The outcomes were categorized dichotomously using radiographic grade and functional score. Poor outcomes were defined as one of the following: conversion to THA or the presence of radiographic OA, combined with poor or fair results in the HHS (HHS < 80). The HHS value is based on the 15th percentile of HHS score following acetabular fracture, which represents the THA conversion after acetabular fracture21,22,23.
Therefore, a good outcome was defined as requiring no additional surgical treatment, good or excellent results in the HHS (HHS ≥ 80), or no evidence of radiographic OA. Deceased patients were evaluated by assessing the radiographs and medical records at the final outpatient visit.
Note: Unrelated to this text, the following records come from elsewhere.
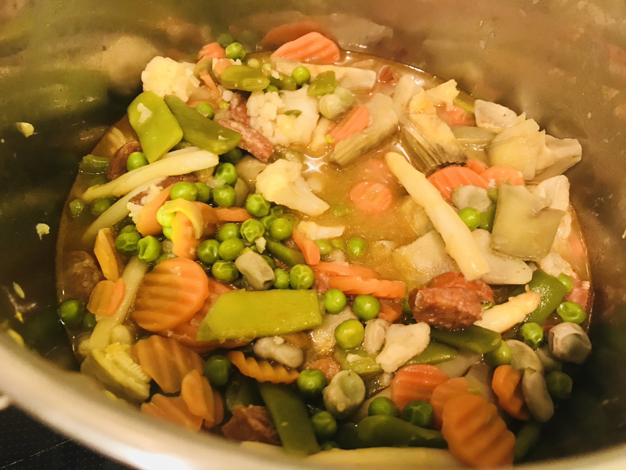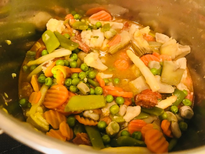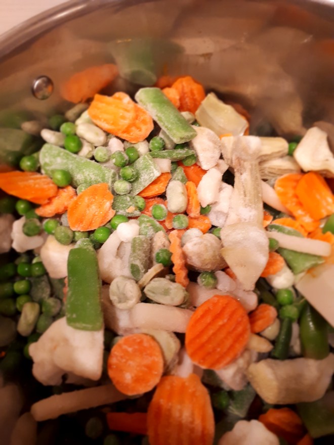 - 1 bolsa de 1 kg de menestra congelada (o bien una mezcla de guisantes congelados, un puñadito de judías verdes, zanahorias en rodajas, coliflor en ramilletes pequeños, alcachofa cruda troceada, espárragos troceados…)
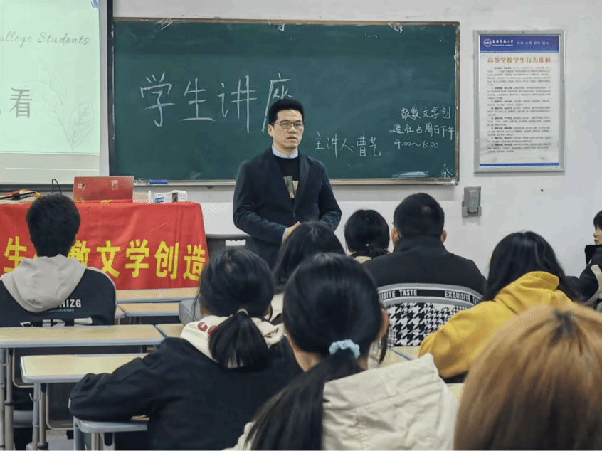 3月17日,老员工敬敷文学创造社在教学楼312室举办了以“《道林·格雷的画像》为艺术而艺术”为主题的第七期员工讲座。讲座由副社长曹艺主讲,指导老师江飞教授莅临现场指导。来自suncitygroup太阳成集团的63位同学参加了本次活动。
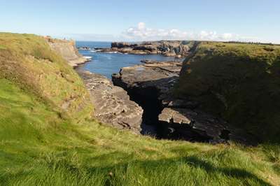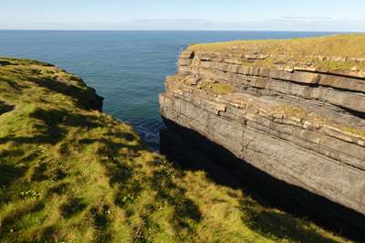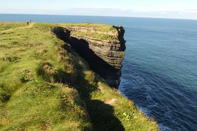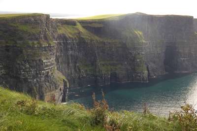 Ce sont de splendides falaises (214 m de haut) , mais nous avons, nous, l'impression d'être sur la muraille de Chine, vu l'affluence. En plus, il y a même l'ambiance : nous sommes accompagnés par un bus de Chinois. C'est d'ailleurs le site le plus visité d'Irlande.
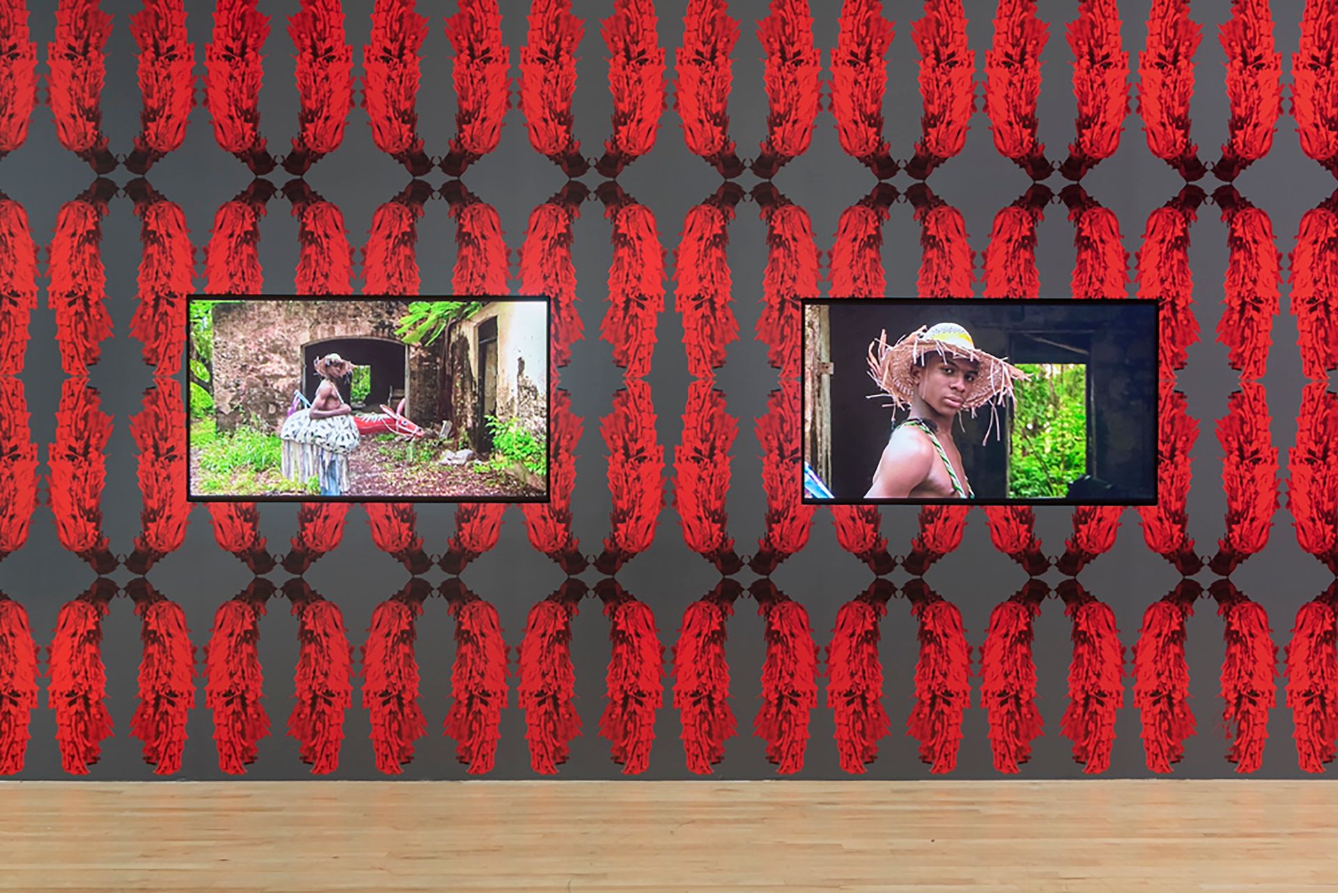 Sonia Boyce, Crop Over, 2007 and Shaggy Bear Wallpaper, 2020. Photo © Tate; Devotional Placards and Wallpaper, 2018. Image: Mike Pollard for Manchester Art Gallery.
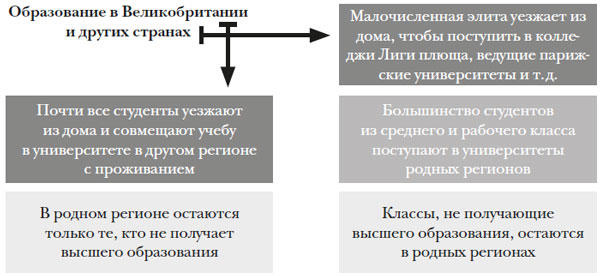 Система образования британской элиты школа-интернат, за которой следуют по меньшей мере три года в университете с проживанием в кампусе и индивидуальным попечительством, всегда была уникальной (до определенной степени скопировать ее удалось лишь в Америке). Средний класс был приглашен присоединиться к этой образовательной игре в 1960-х гг. на стадии университета. В 1992 г. большому количеству образовательных учреждений разрешили называть себя университетами, и они сразу же стали предлагать более дешевые разновидности прежней модели. К 2000 г. 25 % населения имело или получало университетское образование; так сформировалась критическая масса, а количество людей с высшим образованием продолжало расти. Любой достаточно амбициозный подросток к этому времени считал естественной необходимость оставить свой дом, семью, друзей и регион и провести важнейшие для формирования личности годы в монокультурной среде других амбициозных молодых людей, точно так же выкорчеванных из родной среды. Подобного не было ни в одной развитой стране.
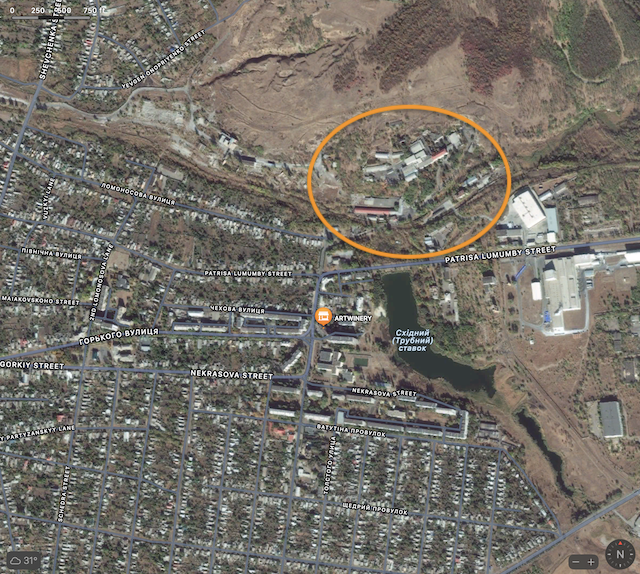 He made the mistake, however, of letting a few pieces of information slip that allowed us to relatively easily pinpoint the location of this Wagner base. The first piece of information is that he states they are about 400 meters from Bakhmut. This let's us know we need to be looking at the outskirts of the city.
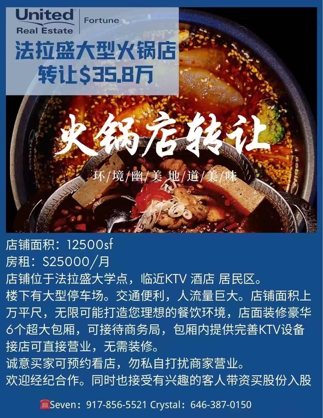 [庆祝][庆祝][庆祝]独家代理法拉盛大型火锅店转让Asking 💰358,000面积:12500sf房租:$25000/月
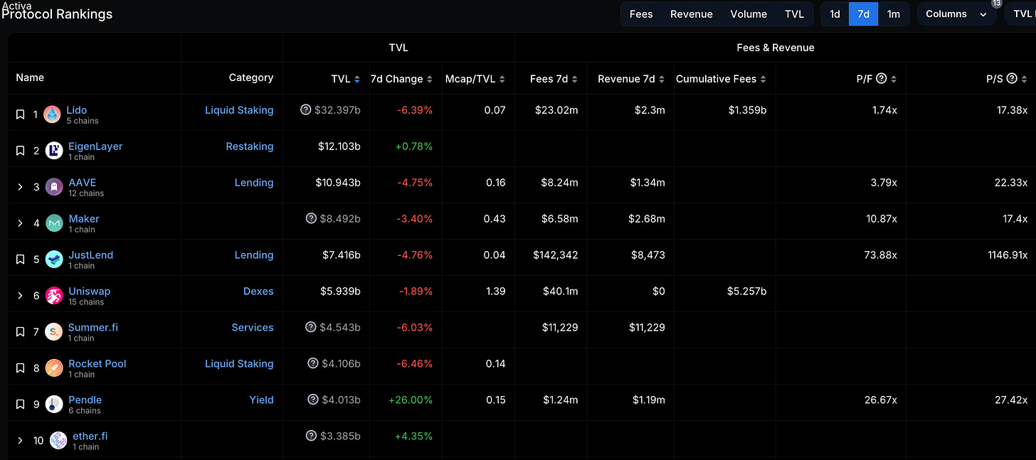 This is another TVL phenomenon, but Pendle's leap forward is remarkable, with a 26% increase in TVL.

Radiographic OA and severe pain or inability to perform activities of daily living were considered poor outcomes.
Medical complications such as pneumonia, urinary tract infection, and pulmonary embolism and surgical complications such as postoperative foot drop that resulted from sciatic nerve injury, hardware breakage, and reoperation for any reason were assessed.
Radiographic OA, HHS, THA conversion, good/poor outcomes, and complications were compared between the good and poor reduction groups. A subgroup analysis was performed in patients with dome impaction according to the postoperative reduction state, and in patients in the good reduction group according to presence of dome impaction. A multivariate analysis was performed to assess which factors were associated with good/poor outcomes.
Statistical analysis
Statistical analyses were performed using the SPSS Statistics version 23.0 (IBM Corp., Armonk, NY, USA). We used the chi-square test or Fisher’s exact test for categorical variables, and the independent t-test or the Mann–Whitney test for continuous variables. A logistic regression analysis was conducted for the multivariate analysis. First, a bivariate analysis was performed for the variables which could be clinically significant. Then, the variables with P < 0.2 in the bivariate analysis were included in the multivariate analysis. All continuous data are expressed as means and standard deviations. Significance was set at P < 0.05, and Bonferroni correction was applied for multiple comparisons.
Results
Among 54 patients, 45 patients were in the good reduction group, whereas 9 patients were in the poor reduction group. No significant differences in age (70.7 ± 5.6 vs. 67.1 ± 5.8, P = 0.089); male sex (67 and 73%, P = 0.696); and other demographic data including BMI, CCI, injury mechanism, T-score and preoperative OA were observed between the two groups (Table 1). The mean follow-up length was 45.0 ± 63 (12–197) in the poor reduction group and 44.0 ± 37.0 (12–151) in the good reduction group. Regarding fracture pattern, the poor reduction group had column (78%), transverse (11%), and T-type (11%) fractures. No significant differences in the fracture patterns, approaches, and negative predictive factors were noted between the two groups (Table 2).
The good reduction group demonstrated better clinical outcomes (HHS; 82.1 ± 12.4 vs. 68.6 ± 20.5, P = 0.022) and lesser proportion of radiographic OA than the poor reduction group (18 vs. 77%, P = 0.001). However, no significant difference in THA conversion was observed between the two groups (9 vs. 33%, P = 0.081). The good reduction group demonstrated higher proportion of good outcomes than the poor reduction group (89 vs. 22%, P < 0.001). No difference in complications was observed between both groups (Table 3).
In a subgroup analysis of patients with dome impaction (Fig. 5), radiographic OA, HHS, and THA conversion did not indicate any significant differences between the two groups. Meanwhile, the good reduction group had higher proportion of good outcomes than the displacement group (80 vs. 20%, P = 0.031). In a subgroup analysis of the good reduction group, the patients with dome impaction demonstrated a higher incidence of radiographic OA than those without dome impaction (40 vs. 7%, P = 0.011). However, HHS, THA conversion, and good/poor outcomes did not demonstrate any significant differences according to the presence of dome impaction (Table 4).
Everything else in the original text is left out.